Material provided
>>>

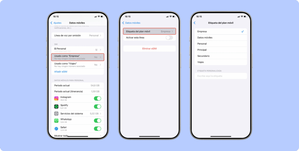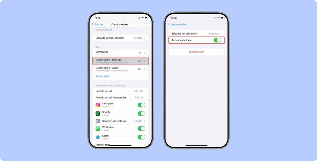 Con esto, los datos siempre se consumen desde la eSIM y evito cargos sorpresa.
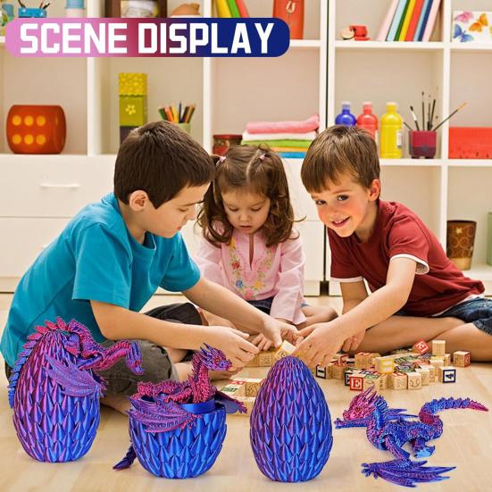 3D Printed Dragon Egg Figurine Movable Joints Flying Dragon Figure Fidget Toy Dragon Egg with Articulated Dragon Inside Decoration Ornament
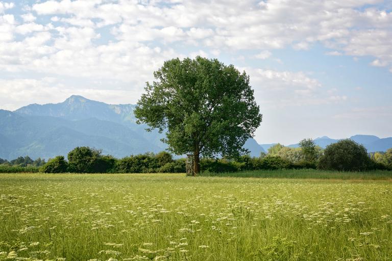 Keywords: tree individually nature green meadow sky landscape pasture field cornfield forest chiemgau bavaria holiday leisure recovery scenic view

<<<
>>>

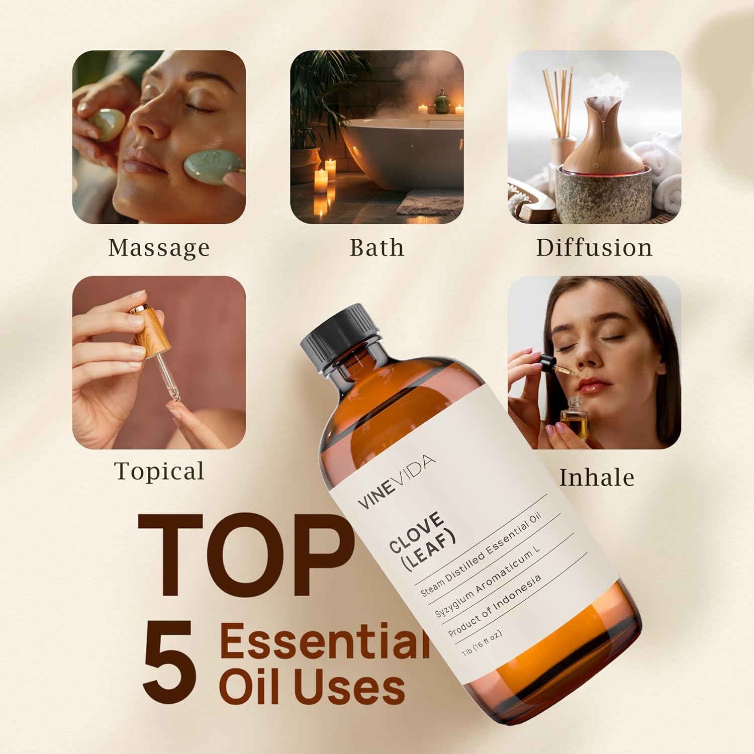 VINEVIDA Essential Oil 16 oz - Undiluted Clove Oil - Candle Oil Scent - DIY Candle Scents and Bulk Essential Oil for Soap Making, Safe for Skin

<<<

In the entries above, find the line that contains "Con esto, los" and the line that contains "Keywords: tree individually". Reproduce exactly those two lines and every line between them, but not the pictures.

 Con esto, los datos siempre se consumen desde la eSIM y evito cargos sorpresa.
 3D Printed Dragon Egg Figurine Movable Joints Flying Dragon Figure Fidget Toy Dragon Egg with Articulated Dragon Inside Decoration Ornament
 Keywords: tree individually nature green meadow sky landscape pasture field cornfield forest chiemgau bavaria holiday leisure recovery scenic view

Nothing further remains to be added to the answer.